THE FIRST English-language feature from Norwegian director Joachim Trier (a distant relation of Lars von, and officially my preferred Trier), Louder Than Bombs is one of those movies that builds a small, nondescript, yet utterly convincing domestic world without seeming like it's trying too hard. Trier's film has the cerebral, elliptical quality of a great short-story collection, and an easy intimacy with its central family of grieving men, who face a terrible crossroads after the death of their matriarch, war photographer Isabelle (Isabelle Huppert).

Isabelle's bereft husband, Gene (Gabriel Byrne), finds himself struggling to connect with his two sons—Jonah (Jesse Eisenberg), who's channeled his feelings about his mother's death into success as an academic, and Conrad (Devin Druid), who's kind of a teenage jerk. Byrne, Eisenberg, and Druid inhabit their characters with zero scenery chewing, delivering a thoroughly convincing, restrained-but-not-too-restrained portrait of a family who aren't so much dysfunctional as they are understandably wounded—and compulsively likeable, even in their worst moments.

What might be a delayed but rather obvious revelation in a more conventional film comes out early in Louder Than Bombs: Isabelle's death wasn't an accident, but a suicide.

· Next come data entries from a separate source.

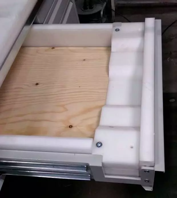 Нижняя часть обода закреплялась на выдвинутом ящике. Внутри ящика мы установили полипропиленовую подставку, выемки на которой полностью соответствовали форме обода и позволяли установить его максимально надежно. Закрытие и открытие ящика контролировалось с помощью рычага, который при необходимости фиксировал ящик в выдвинутом положении.
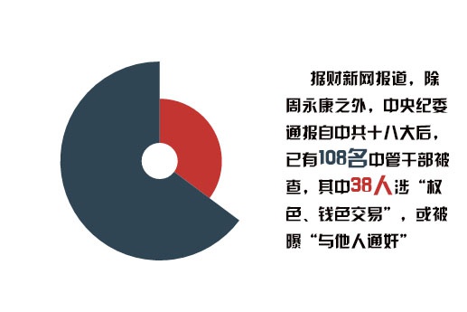 据财新消息,除周永康之外,中央纪委通报自中共十八大后,有108名中管干部被查,其中38人涉“权色、钱色交易”,或被曝“与他人通奸”。也有相关机构得出落马官员一半以上都与情人有关。
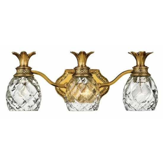A Hinkley classic, the ornate Plantation collection features exceptional pineapple shaped, clear optic glass that makes a noble statement. The elaborate, decorative cast detailing is accentuated by the its lush finish.
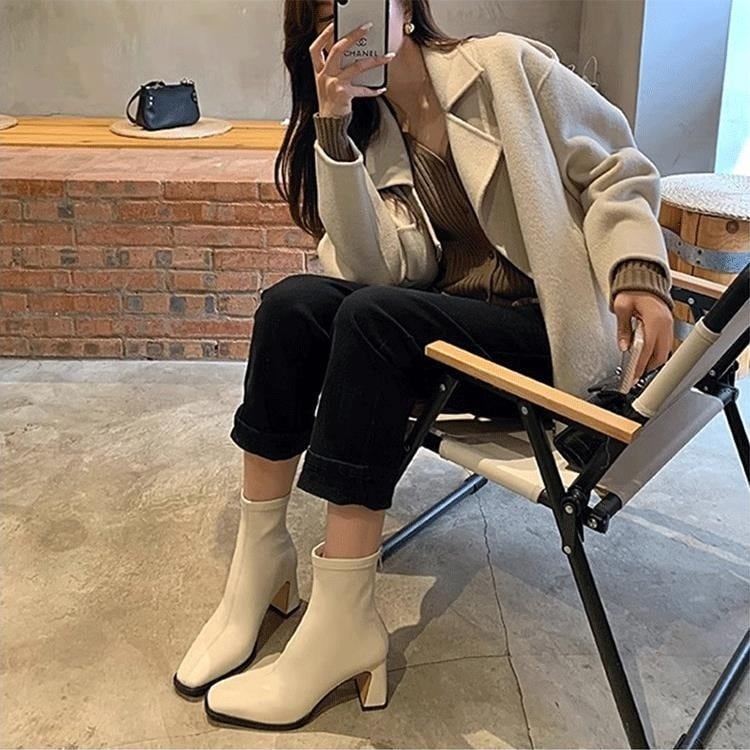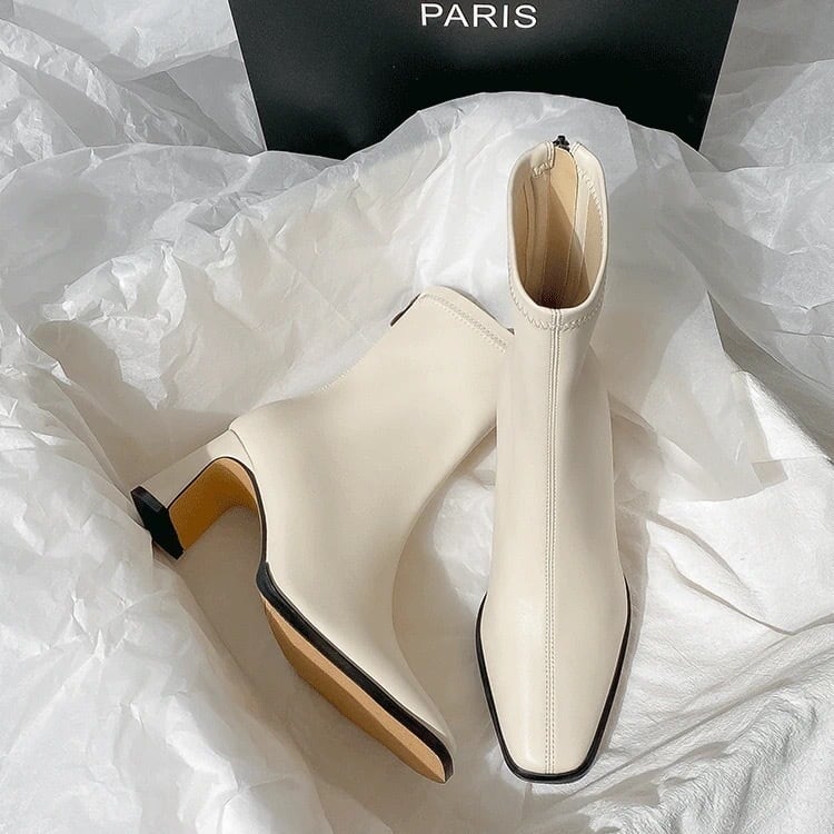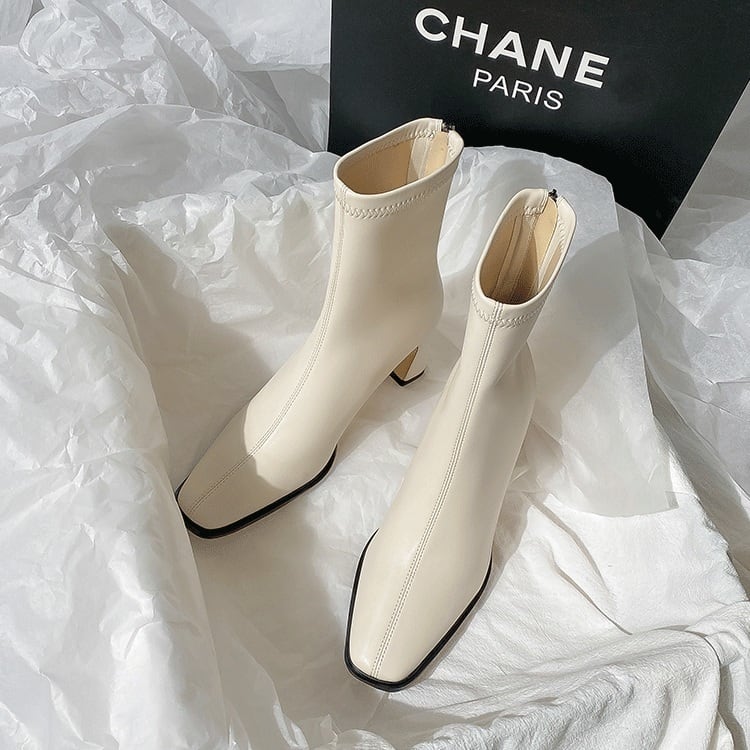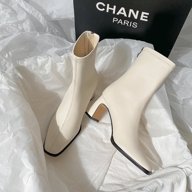 ストレッチエコレザー スクエアトゥ デザインヒールショートブーツ アイボリー BU00108
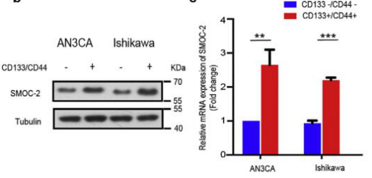 为了确定SMOC-2与肿瘤干细胞之间的关联,作者通过流式分别分选出的人子宫内膜癌细胞系AN3CA和Ishikawa的CD133+/CD44+细胞以及CD133-/CD44-细胞(CD133和CD44已经被广泛地认为是多种类型癌症中的肿瘤干细胞的表面标志物),经Western blot及qPCR验证,SMOC-2在CD133+/CD44+中的表达显著高于CD133-/CD44-细胞,提示了SMOC-2与肿瘤干细胞相关。
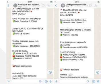 Os dados do aparelho mostram a existência de uma contabilidade detalhada por parte da facção, com o registro de ingressos e despesas, inclusive para a compra de armas e de pagamentos para a “matriz” do Comando Vermelho no Rio de Janeiro. As tabelas são intituladas “Transparência C.V-AM”. Em outubro de 2022, por exemplo, a arrecadação foi de R$ 434,3 mil.
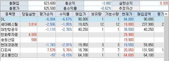 그리고 여기서도 상당힌 수익을 RSI지수 기반으로 해서 나온 수익만큼 크지는 않지만, 이날 하루 많이 거둔 것을 확인할 수 있었습니다. 이렇게해서 이날도 기분좋게 시작을 할 수 있었습니다만, 아무튼 간에 일단 큰 손해를 보지 않고 있고, 그렇게 크게 총손익에서 나오는 손해가 커지지 않고 가고 있는 것이 포인트 이기는 합니다. 당일 실현 손익은 크지는 않더라도 하루하루 이익이 나오면 누적이 되고, 이게 총손익에서 보유한 주식의 가치가 내려가서 나오는 손해를 상회할 경우, 그 때 부터 이익이 나온다고 할 수 있어 보입니다.
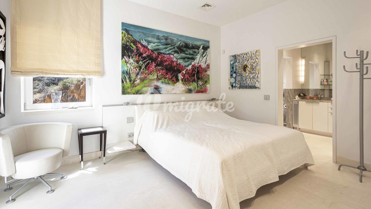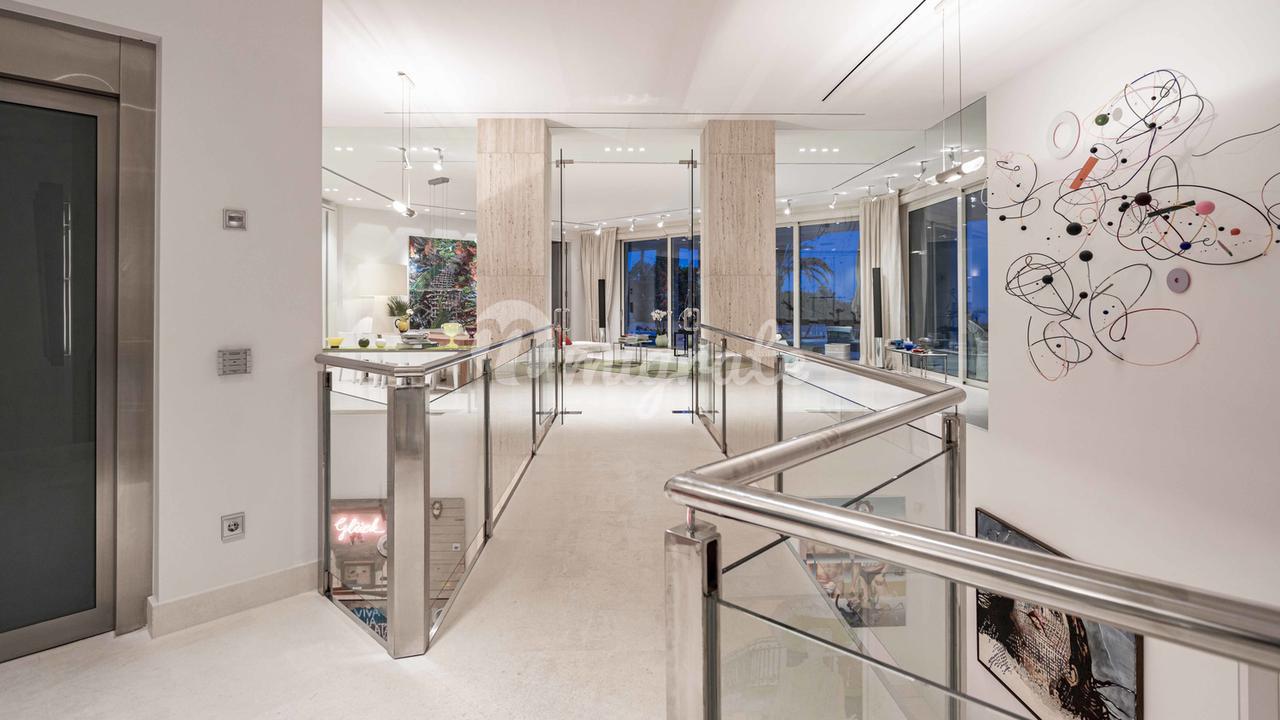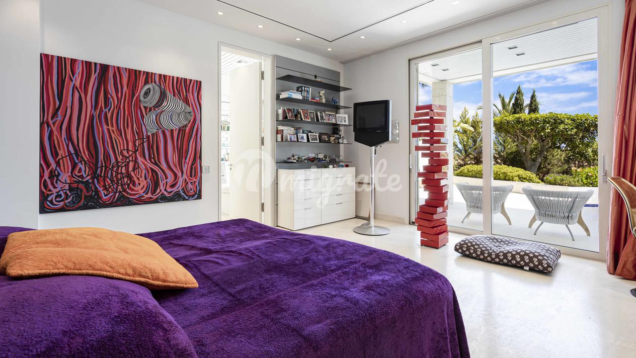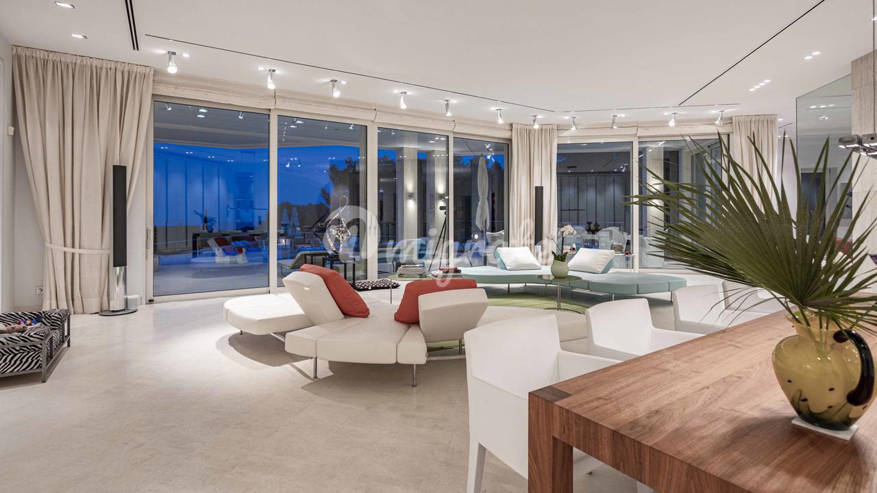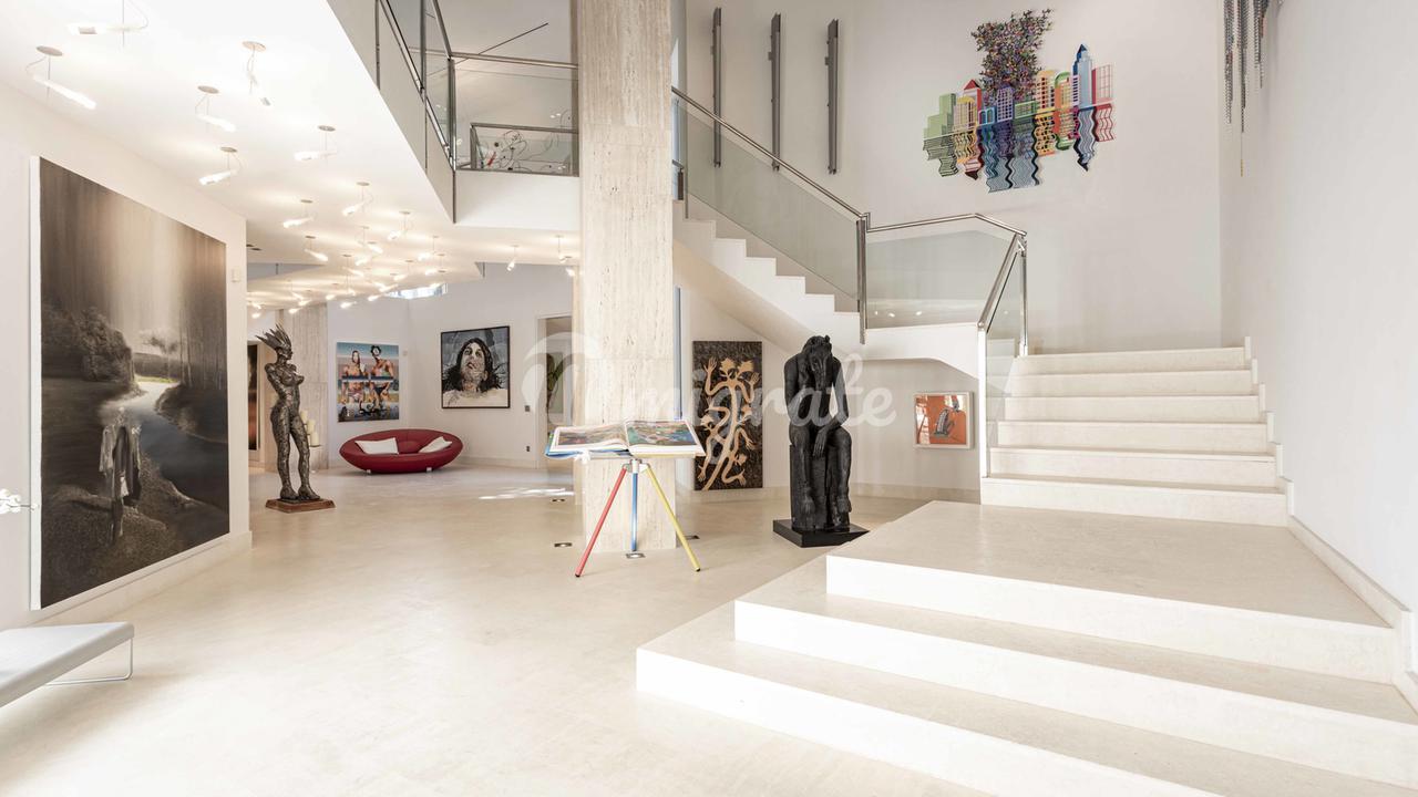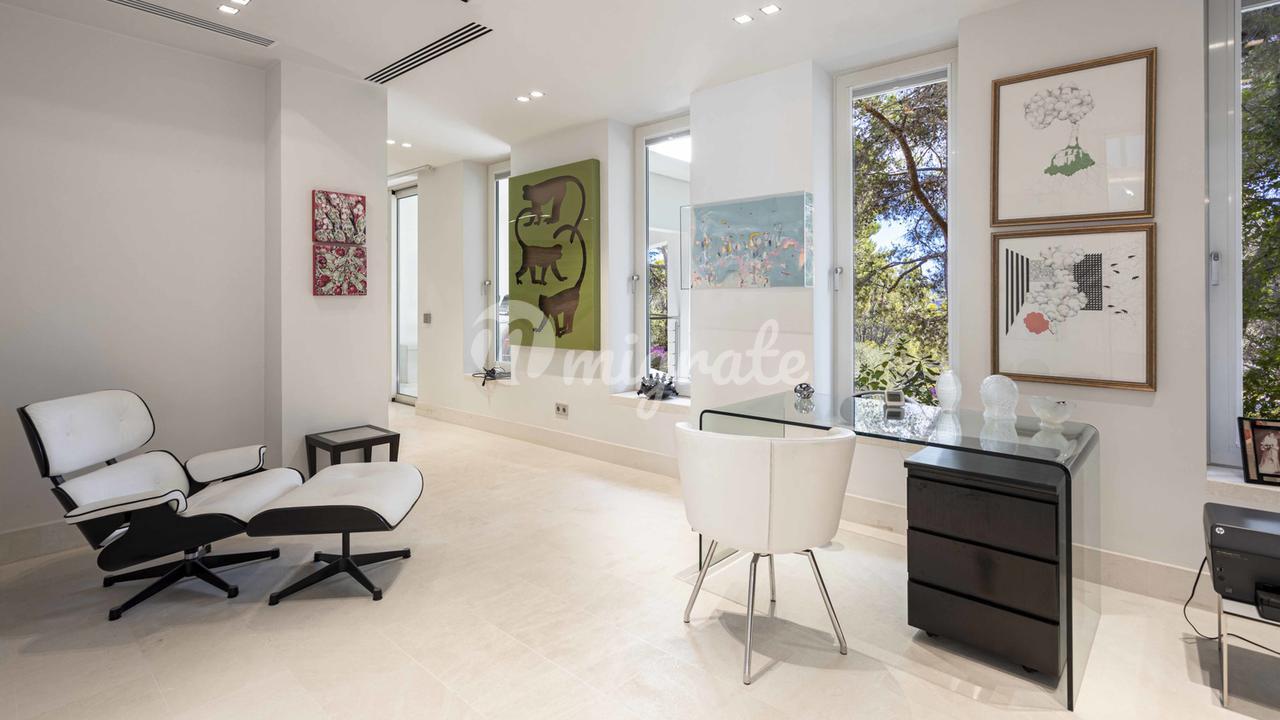 Первый этаж: большая прихожая с двойным потолком, большая открытая лестница, комната для медитации + открытая терраса, отдельное офисное помещение, гостевой туалет, отдельные помещения для персонала, гостиная, кухня, спальня с ванной комнатой. Первый этаж: большой открытый чердак для гостиной-столовой, уголок с телевизором и библиотекой, закрытая кухня с техникой немецкого бренда, главная спальня с ванной комнатой и большая гардеробная. Кроме того, 3 гостевые спальни с ванными комнатами. Этот уровень имеет большой открытый бассейн с морской водой и различные просторные террасы для загара и отдыха, все с захватывающим видом на море и залив Пальмы.
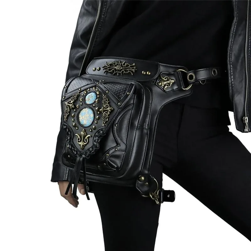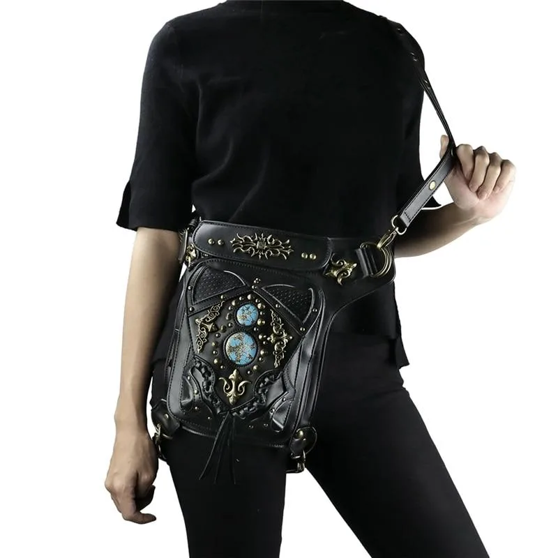 Entdecken Sie unsere einzigartige Gothic Tasche Vintage, das perfekte Accessoire für alle Liebhaber der Gothic-Mode. Diese vielseitige und stilvolle Tasche vereint einen makabren Look mit absoluter Funktionalität. Egal, ob Sie sie an der Hüfte, über der Schulter oder als kleinen Rucksack tragen – die Gothic Tasche Vintage wird Sie begeistern!
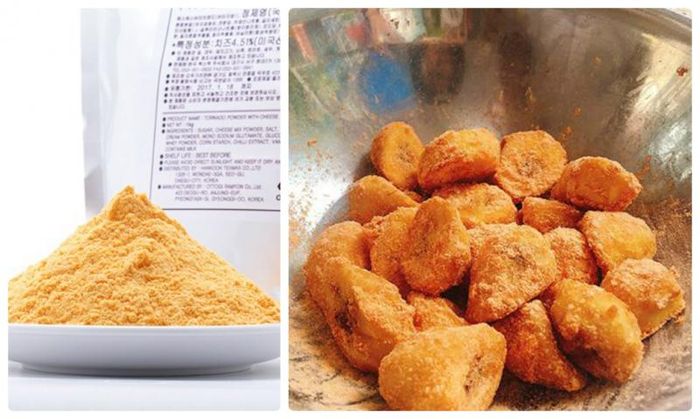 - Bước 2: Đặt chuối vào bịch giấy hoặc hộp có nắp, sau đó thêm phô mai và lắc đều. Chuối lắc phô mai sẽ khiến bạn thưởng thức một hương vị ngọt ngào của chuối kết hợp với mùi thơm đặc trưng của phô mai, giòn tan trong từng miếng.

Refusing suspense or ambiguity around her death frees up the film to reckon with more interesting questions—chief among them Gene and Jonah's disagreement over whether to tell Conrad the truth about what happened to his mother. There's precision in this narrative choice, and Trier brings that same precision to a million other choices throughout the film, building it all to a resonant, satisfying, and haltingly hopeful film. Each moment here has weight, and each moment adds up to something greater than the sum of its parts.